**What needs to be done**:
Starting with the line that has "こちらは、新車から四年目の車" in the records below and stopping after the line that has "To perform the", output every line exactly and nothing else; skip pictures.

**Material to process**:

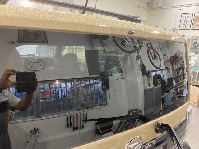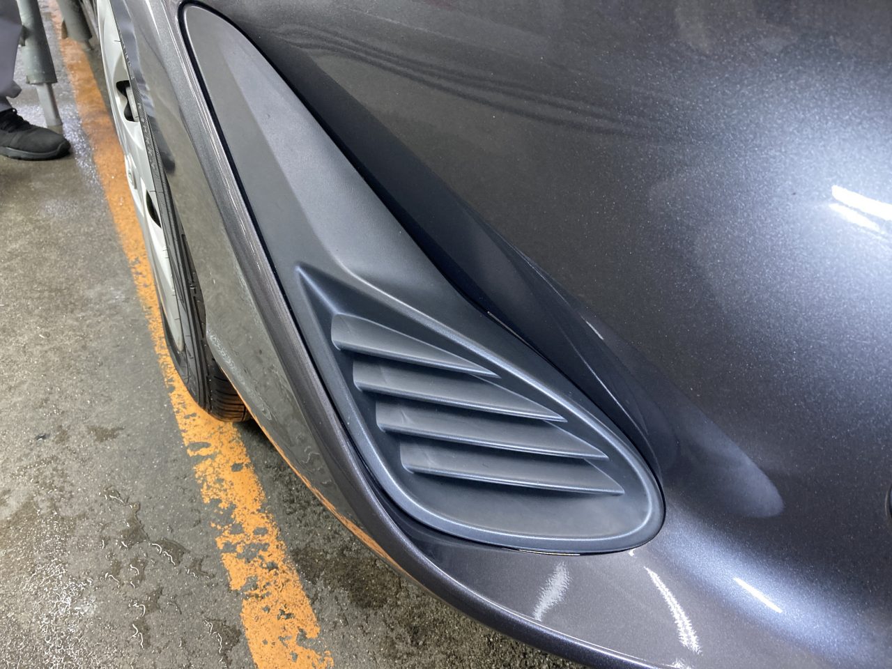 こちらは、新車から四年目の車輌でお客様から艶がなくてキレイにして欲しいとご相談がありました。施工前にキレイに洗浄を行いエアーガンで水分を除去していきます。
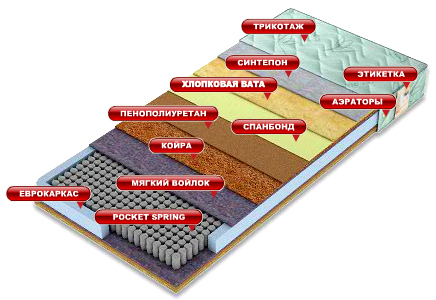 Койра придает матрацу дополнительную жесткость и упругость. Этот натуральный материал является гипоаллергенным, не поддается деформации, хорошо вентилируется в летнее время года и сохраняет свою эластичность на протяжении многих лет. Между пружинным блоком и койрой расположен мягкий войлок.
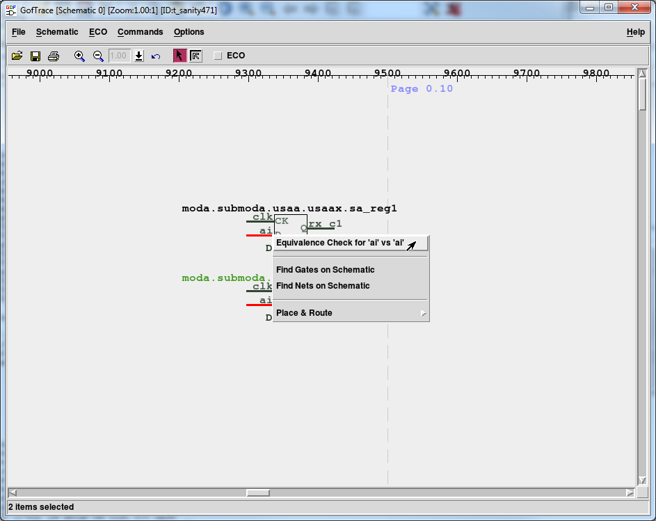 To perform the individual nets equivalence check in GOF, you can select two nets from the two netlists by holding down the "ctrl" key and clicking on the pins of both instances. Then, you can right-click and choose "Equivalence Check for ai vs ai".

* * *

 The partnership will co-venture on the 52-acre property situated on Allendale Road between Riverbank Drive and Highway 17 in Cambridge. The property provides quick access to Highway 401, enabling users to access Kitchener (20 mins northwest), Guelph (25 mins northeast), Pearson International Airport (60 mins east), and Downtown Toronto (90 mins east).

**Answer box**:
 こちらは、新車から四年目の車輌でお客様から艶がなくてキレイにして欲しいとご相談がありました。施工前にキレイに洗浄を行いエアーガンで水分を除去していきます。
 Койра придает матрацу дополнительную жесткость и упругость. Этот натуральный материал является гипоаллергенным, не поддается деформации, хорошо вентилируется в летнее время года и сохраняет свою эластичность на протяжении многих лет. Между пружинным блоком и койрой расположен мягкий войлок.
 To perform the individual nets equivalence check in GOF, you can select two nets from the two netlists by holding down the "ctrl" key and clicking on the pins of both instances. Then, you can right-click and choose "Equivalence Check for ai vs ai".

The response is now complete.